---- Supplied data

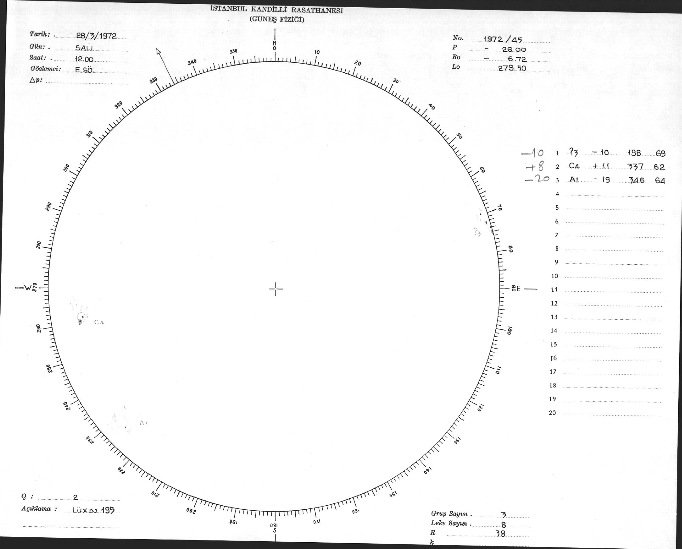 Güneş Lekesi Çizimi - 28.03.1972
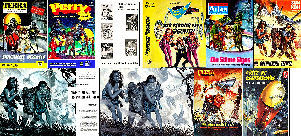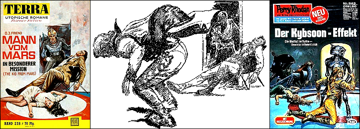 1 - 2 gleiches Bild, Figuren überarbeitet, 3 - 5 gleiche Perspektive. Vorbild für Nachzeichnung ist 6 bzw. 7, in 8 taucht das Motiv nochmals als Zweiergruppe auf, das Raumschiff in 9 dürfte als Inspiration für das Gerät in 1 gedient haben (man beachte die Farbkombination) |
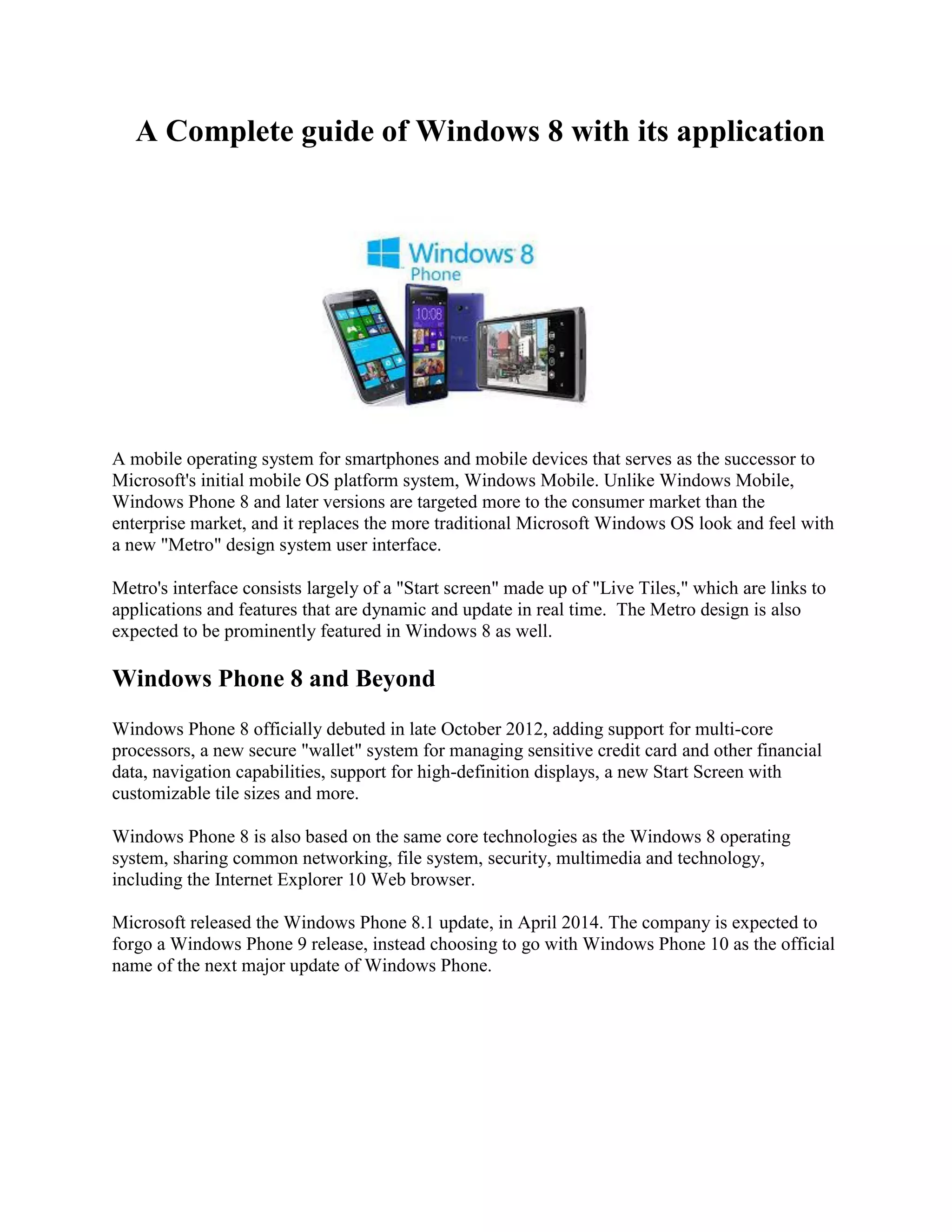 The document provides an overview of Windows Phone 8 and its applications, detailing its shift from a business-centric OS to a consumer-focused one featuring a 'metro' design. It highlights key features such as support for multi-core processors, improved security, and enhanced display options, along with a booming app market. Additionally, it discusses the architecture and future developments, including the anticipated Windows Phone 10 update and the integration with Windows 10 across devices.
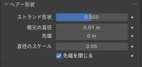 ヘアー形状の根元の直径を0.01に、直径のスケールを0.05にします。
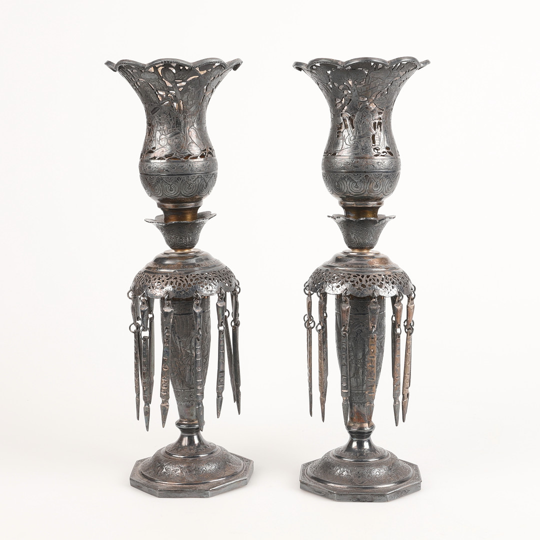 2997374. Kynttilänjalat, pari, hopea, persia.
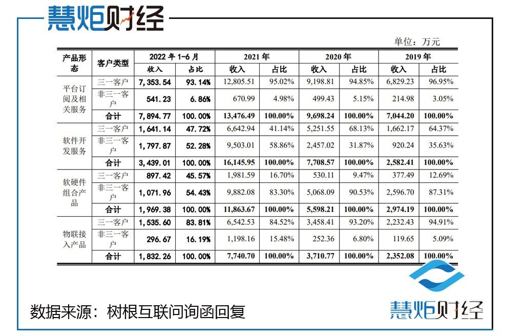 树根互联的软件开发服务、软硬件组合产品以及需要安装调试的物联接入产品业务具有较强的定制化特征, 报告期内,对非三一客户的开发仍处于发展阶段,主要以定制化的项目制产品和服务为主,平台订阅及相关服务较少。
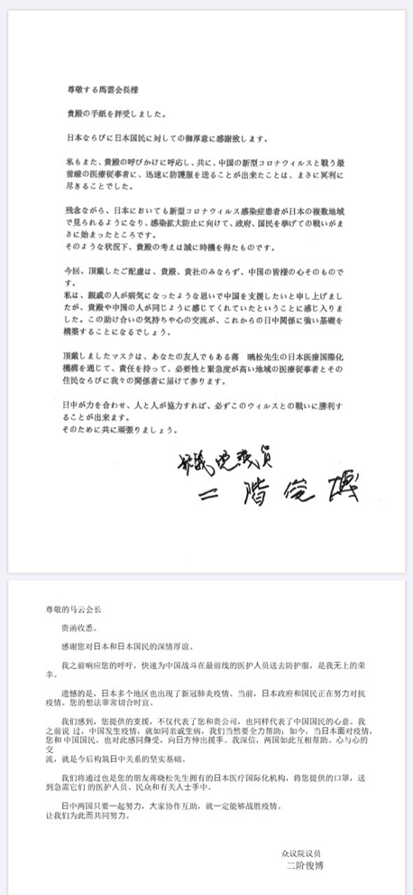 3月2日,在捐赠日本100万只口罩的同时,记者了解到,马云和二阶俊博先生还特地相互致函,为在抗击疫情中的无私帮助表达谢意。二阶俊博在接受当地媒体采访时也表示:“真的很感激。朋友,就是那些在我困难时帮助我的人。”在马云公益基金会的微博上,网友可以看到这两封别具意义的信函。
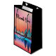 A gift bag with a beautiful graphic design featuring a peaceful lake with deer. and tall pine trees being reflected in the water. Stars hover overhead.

--------

Aim of the task -> The response must match the data line for line, from its first line through the line with "树根互联的软件开发服务、软硬", inclusive, and must leave out the pictures.

Written solution ->
 Güneş Lekesi Çizimi - 28.03.1972
 1 - 2 gleiches Bild, Figuren überarbeitet, 3 - 5 gleiche Perspektive. Vorbild für Nachzeichnung ist 6 bzw. 7, in 8 taucht das Motiv nochmals als Zweiergruppe auf, das Raumschiff in 9 dürfte als Inspiration für das Gerät in 1 gedient haben (man beachte die Farbkombination) |
 The document provides an overview of Windows Phone 8 and its applications, detailing its shift from a business-centric OS to a consumer-focused one featuring a 'metro' design. It highlights key features such as support for multi-core processors, improved security, and enhanced display options, along with a booming app market. Additionally, it discusses the architecture and future developments, including the anticipated Windows Phone 10 update and the integration with Windows 10 across devices.
 ヘアー形状の根元の直径を0.01に、直径のスケールを0.05にします。
 2997374. Kynttilänjalat, pari, hopea, persia.
 树根互联的软件开发服务、软硬件组合产品以及需要安装调试的物联接入产品业务具有较强的定制化特征, 报告期内,对非三一客户的开发仍处于发展阶段,主要以定制化的项目制产品和服务为主,平台订阅及相关服务较少。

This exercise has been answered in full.